Leap Motion’s Michael Buckwald Lays Out His Vision For Gesture-Based Computer Interaction

While I was at South by Southwest Interactive, I had a chance to meet with the Leap Motion team and try out their upcoming gesture-based controller. We’ve been writing about the company for a while now, but this was a chance to see the technology in-person, and to use it with existing apps.

Thankfully, my own feeble attempts to play Cut The Rope using the Leap Motion Controller weren’t recorded on camera, but we did film a short demo by Vice President of Product Marketing Michael Zagorsek. He showed off a 3D visualizer that helps developers understand the controller’s capabilities, then played Fruit Ninja using a chopstick, and finally used the controller to sculpt a digital clay.

After the demo, I sat down with CEO Michael Buckwald to talk some more about his plans for the product. The company still intends to start shipping units to preorder customers on May 13 and selling them in stores on May 19.

I was impressed by what I saw, but I also asked Buckwald whether, in order to master the new controller, some users might have to un-learn certain behaviors acquired from keyboards, mice, and trackpads.

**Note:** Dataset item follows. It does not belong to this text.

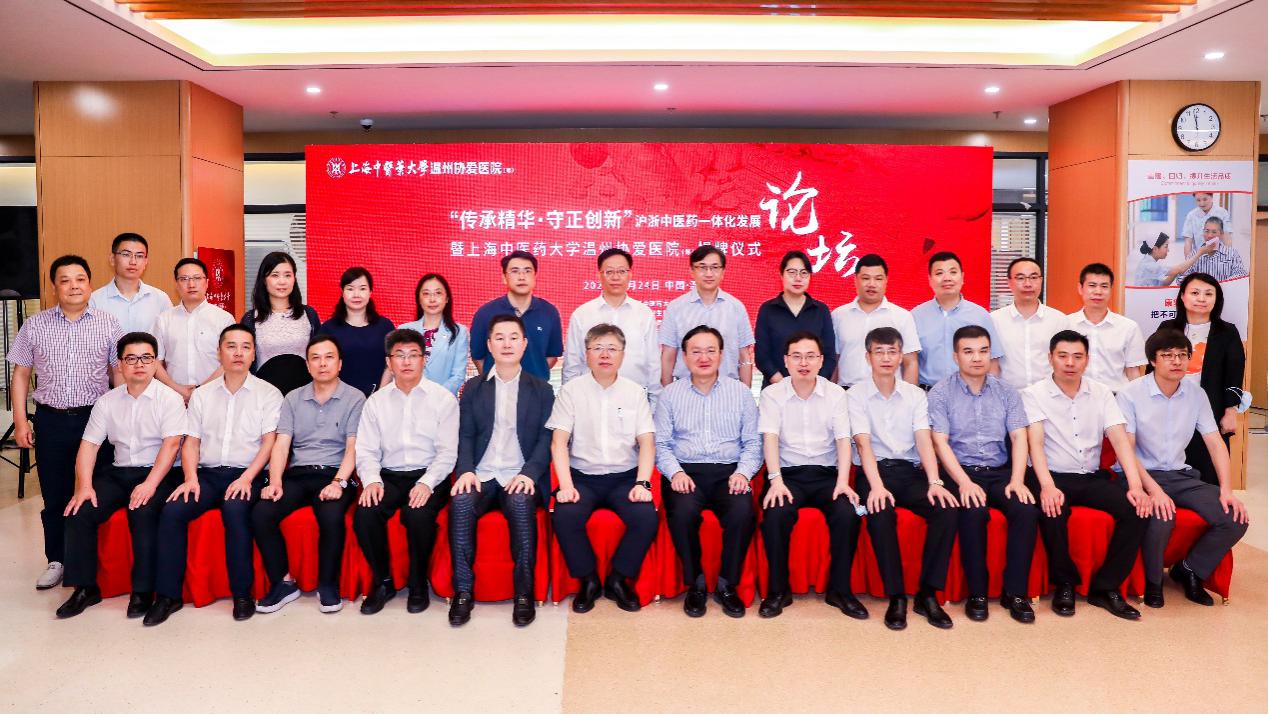 7月24日上午,沪浙中医药一体化发展论坛在龙湾区召开。温州市卫生健康委党委书记、主任陈宏鸣,龙湾区副区长陈军苹,以及龙湾区相关政府部门负责人;协爱医院集团董事长梁智勇、总裁吴志敏等出席会议。会上,天游ty8线路检测中心登录温州协爱医院(筹)正式揭牌,天游ty8线路官网3个名中医传承工作室落地温州,天游ty8线路检测中心登录温州协爱医院与温州市中医院也建立了技术协作关系。

“Interaction with a computer should be as similar to interaction with the real-world as possible,” he said. Other input devices may have “confused or unlearned” people’s instincts, but he argued, “Usually it takes people only a few seconds to recalibrate, and ultimately that deep, hardwired, instinctual ability to reach out and just grab an object in 3D space — because the world is 3D — that wins out.”

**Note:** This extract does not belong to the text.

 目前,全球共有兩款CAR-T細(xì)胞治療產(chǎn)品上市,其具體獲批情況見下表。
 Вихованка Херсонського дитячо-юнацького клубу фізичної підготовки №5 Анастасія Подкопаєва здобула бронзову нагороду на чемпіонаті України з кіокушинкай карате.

Eventually, Buckwald said he wants to see Leap Motion technology embedded into a wide range of devices, including head-mounted displays like Google Glass. In fact, he suggested that gesture-based controls could be the key to making those devices take take off, because typing into a keyboard breaks the immersive experience. Not that he’s endorsing Google specifically.

“There are many other companies, both startups and entrenched players, that are working in that space,” he said. “I think that it is going to be inevitable. It’s just a question of when.”

Earlier this week, the team behind the Fleksy gesture keyboard demonstrated their own integration with Leap Motion.